# Transition probability matrix conventions¶

A `Network`

can be created with a transition probability matrix (TPM) in any of
the three forms described below. However, in PyPhi the canonical TPM
representation is **multidimensional state-by-node form**. The TPM will be
converted to this form when the `Network`

is built.

Tip

Functions for converting TPMs from one form to another are available in the
`convert`

module.

## State-by-node form¶

A TPM in **state-by-node form** is a matrix where the entry \((i,j)\) gives the
probability that the \(j^{\textrm{th}}\) node will be ON at time \(t+1\) if the system is in
the \(i^{\textrm{th}}\) state at time \(t\).

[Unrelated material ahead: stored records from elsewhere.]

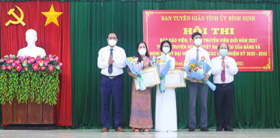 Ban Tổ chức đã trao giải Nhất cho thí sinh Trần Văn Toàn (Đảng ủy Bộ Chỉ huy Quân sự tỉnh), 2 giải Nhì cho các thí sinh Nguyễn Quốc Hiệp (Đảng ủy Bộ Chỉ huy Bộ đội Biên phòng tỉnh) và Lê Đăng Khoa (Thị ủy Hoài Nhơn), 3 giải Ba cho các thí sinh Dương Thị Thu Hoài (Đảng ủy khối Doanh nghiệp tỉnh), Nguyễn Tuấn Anh (Đảng ủy Trường Đại học Quy Nhơn), Lê Thị Thanh Nga (Thị ủy An Nhơn) và 10 giải Khuyến khích.
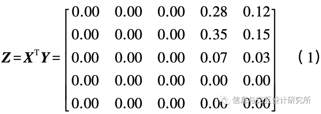 1)以模糊Kano模型问卷调查表为例,针对某一需求要素,如若具备该项需求的矩阵为X=( 0.40,0.50,0.10, 0.00, 0.00) ,如若不具备该项需求的矩阵为Y=( 0.00, 0.00, 0.00, 0.70, 0.30) ,则生成的交互矩阵Z为: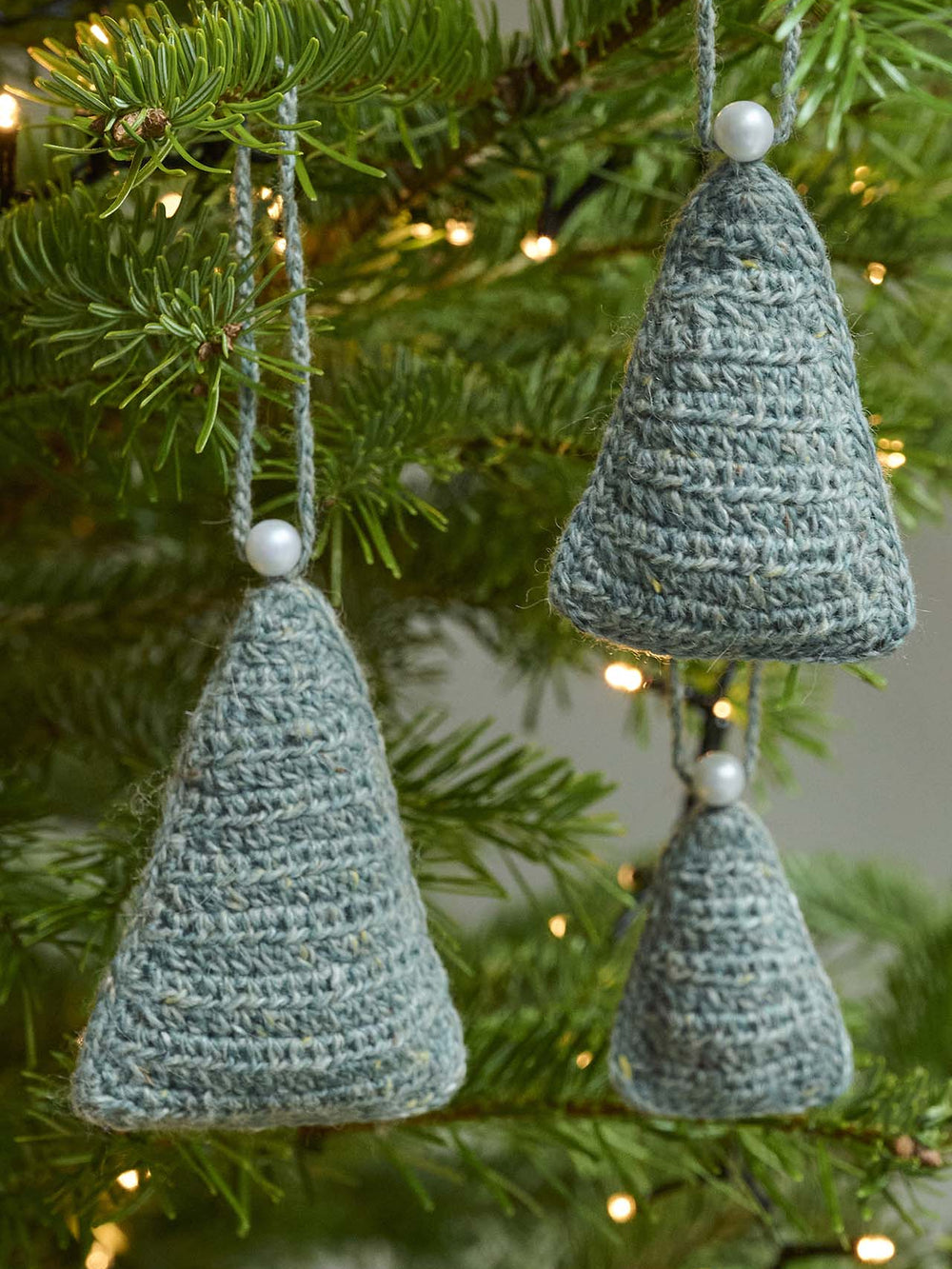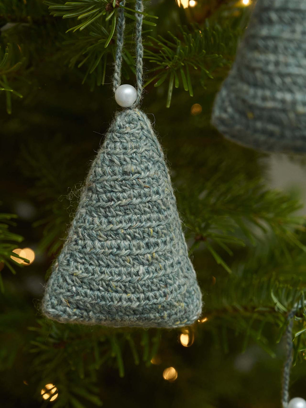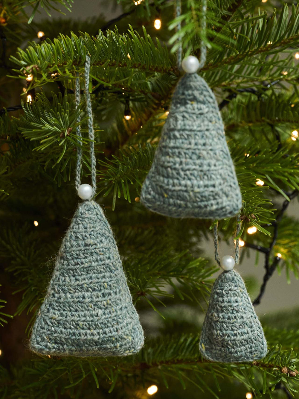 Enkelt hækleprojekt med juletræer i tre forskellige størrelser, som monteres med en hæklet snor, så de kan pynte på fx juletræet. Juletræerne hækles i Mayflower Birmingham, som er et flot tweedgarn, der giver juletræerne et flot farvespil.

## Multidimensional state-by-node form¶

A TPM in **multidimensional state-by-node** form is a state-by-node form that
has been reshaped so that it has \(n+1\) dimensions instead of two. The first \(n\)
dimensions correspond to each of the \(n\) nodes at time \(t\), while the last
dimension corresponds to the probabilities of each node being ON at \(t+1\).

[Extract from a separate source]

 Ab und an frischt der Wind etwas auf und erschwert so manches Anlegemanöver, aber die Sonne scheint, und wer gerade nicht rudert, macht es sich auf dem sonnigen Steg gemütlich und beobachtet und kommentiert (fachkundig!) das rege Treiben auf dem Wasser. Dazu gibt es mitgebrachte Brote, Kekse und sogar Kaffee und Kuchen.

With this form, we can take advantage of NumPy array indexing and use a network state as an index directly:

```
>>> from pyphi.examples import basic_noisy_selfloop_network
>>> tpm = basic_noisy_selfloop_network().tpm
>>> state = (0, 0, 1) # A network state is a binary tuple
>>> tpm[state]
array([0.919, 0.91 , 0.756])
```

This tells us that if the current state is \(N_0 = 0, N_1 = 0, N_2 = 1\), then the for the next state, \(P(N_0 = 1) = 0.919\), \(P(N_1 = 1) = 0.91\) and \(P(N_2 = 1) = 0.756\).

Important

The multidimensional state-by-node form is used throughout PyPhi,
regardless of the form that was used to create the `Network`

.

## State-by-state form¶

A TPM in **state-by-state form** is a matrix where the entry \((i,j)\) gives the
probability that the state at time \(t+1\) will be \(j\) if the state at time \(t\)
is labeled by \(i\).

Warning

**When converting a state-by-state TPM to one of the other forms, information
may be lost!**

This is because the space of possible state-by-state TPMs is larger than the space of state-by-node TPMs (so the conversion cannot be injective). However, if we restrict the state-by-state TPMs to only those that satisfy the conditional independence property, then the mapping becomes bijective.

See Conditional Independence for a more detailed discussion.

## Little-endian convention¶

Even after choosing one of the above representations, there are several ways to write down the TPM.

With both state-by-state and state-by-node TPMs, one is confronted with a choice about which rows correspond to which states. In state-by-state TPMs, this choice must also be made for the columns.

There are two possible choices for the rows. Either the first node changes state every other row:

State at \(t\) \(P(N = ON)\) at \(t+1\) A, B A B (0, 0) 0.1 0.2 (1, 0) 0.3 0.4 (0, 1) 0.5 0.6 (1, 1) 0.7 0.8

Or the last node does:

State at \(t\) \(P(N = ON)\) at \(t+1\) A, B A B (0, 0) 0.1 0.2 (0, 1) 0.5 0.6 (1, 0) 0.3 0.4 (1, 1) 0.7 0.8

Note that the index \(i\) of a row in a TPM encodes a network state: convert the index to binary, and each bit gives the state of a node. The question is, which node?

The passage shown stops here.